Upon observing the class, especially those students that I was grouped with, I gave a high probability that my recent sickness would return. Some of them were covered up to their ankles in cow shit. It was clear that after school they didn't have any job aside from taking care of their animals in the barn. Their long nails and their crusted hands were a further proof they bathed even less than once a month.
The teacher came to class half an hour after my father left. The class monitor, who was the son of a Haji, said “stand” and we all stood and after the teacher had taken his seat, we also sat. There was an absolute silence in the classroom and there wasn't any sign of noise or talking. Their wild looks at each other's heads and hands indicated that there was something going on that I was unaware of. The teacher came to the front of the room with a long slim piece of wood in his hand and started looking at each student's hands. A moment later the classroom was converted to a scene that reminded one of an angry and heartless father beating his family. Most of the children started crying immediately after the backs of their dry and crusted hands were struck by the wood. Pleading, they would say, “Sir we promise to bathe, don't beat us.” and he would call them donkey's children and idiots saying, “You will never become a person, senseless crap.”

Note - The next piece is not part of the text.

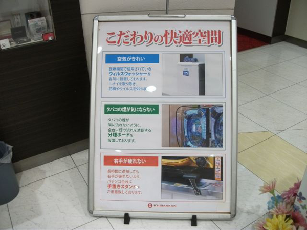 充実したレストコーナーだけでなく、ホール内の様々な場所にある空気清浄機や分煙ボードの設置、パチンココーナーの手置きスタンドなど「こだわりの快適空間」と書かれた看板に偽りのない環境が「一番舘相模原店」にはあった。それに加えて、気持ちのよいホールスタッフの接客がパチンコ・パチスロコーナーの魅力をより高く引き上げていたのではないだろうか。
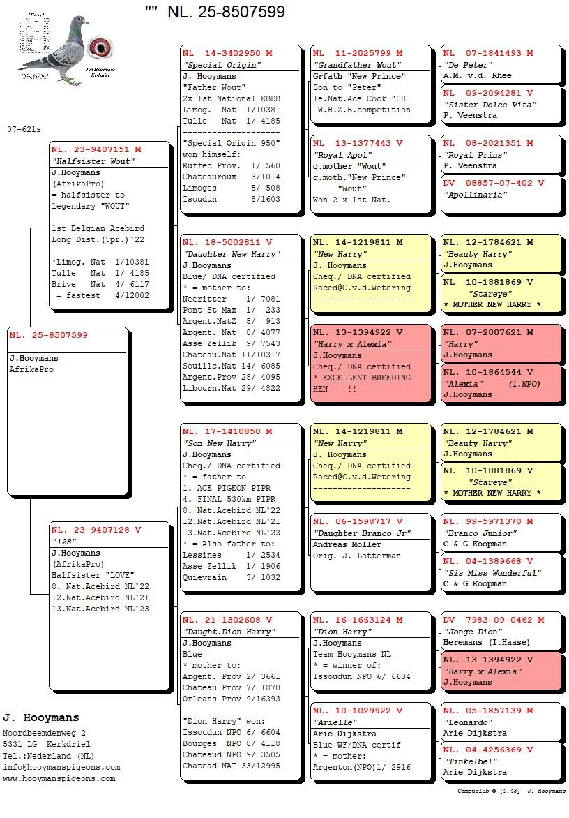 LOT 65 AFRIKAPRO AUCTION 2 -Jan Hooymans I-NL-24-8507581 – SIRE:NL. 23-9407121 M “Daughter Knockout” J.Hooymans.DAM IS Daughter Harry Jr. J.Hooymans Blue wf DNA.———–DAM:L. 23-9407220 V “220” J.Hooymans. GRAND DAUGHTER TO WORLD FAMOUS “BIRDY”.SEE PEDIGREE!!!

Even though the classroom and the poor situation of the students made a bad reflection in my mind, it never became a reason for slowness or a lack of improvement in my writing and reading. I compensated for the lessons that I missed very quickly. It was not more than two months into my education before my talent and my readiness in lessons affected everyone.
In the afternoons when my father came to the school, the village's teacher talked about my cleverness and asked him send me to the city to continue my education later on. My father was very happy, maybe because of the better future that was in front of me. My mother, whose life was being taken over by the harshness of poverty and being far from the city, felt that I was her only hope and that maybe one day I could bring light to her dark life. She sat me next to herself at nights and asked me to read books for her. Even though the material of my lessons was often not compatible with her pained thoughts and soul, nevertheless she enjoyed listen to them.
When it became clear to the teacher that I was the best student in the class, he chose me to be the class monitor of the first grade. I checked their homework and asked them questions about the previous lesson. Unfortunately, the teacher was indifferent to his duties and abused the situation, sleeping until noon some days and not even coming to the class in the afternoon other days. For these times he left taking attendance to me and said, “Give me the name of anyone whose lessons or behavior you are not happy with for punishment.”
In this period of time a new world appeared in front of me, a world where I had gotten feathers and wings. In the mornings before the class began, I would sit in east side of the schoolyard next to a few other students on a long platform that was built to take advantage of the morning sunshine. The students asked me any mathematics or Farsi questions with which they had difficulties. Sometimes, when I felt they made me tired, I went to a garden in front of the school that had an old square door and one of whose walls was connected to a building that had a wall in common with the school. In this fall season the garden had a yellow body, but being alone there was joyful for me.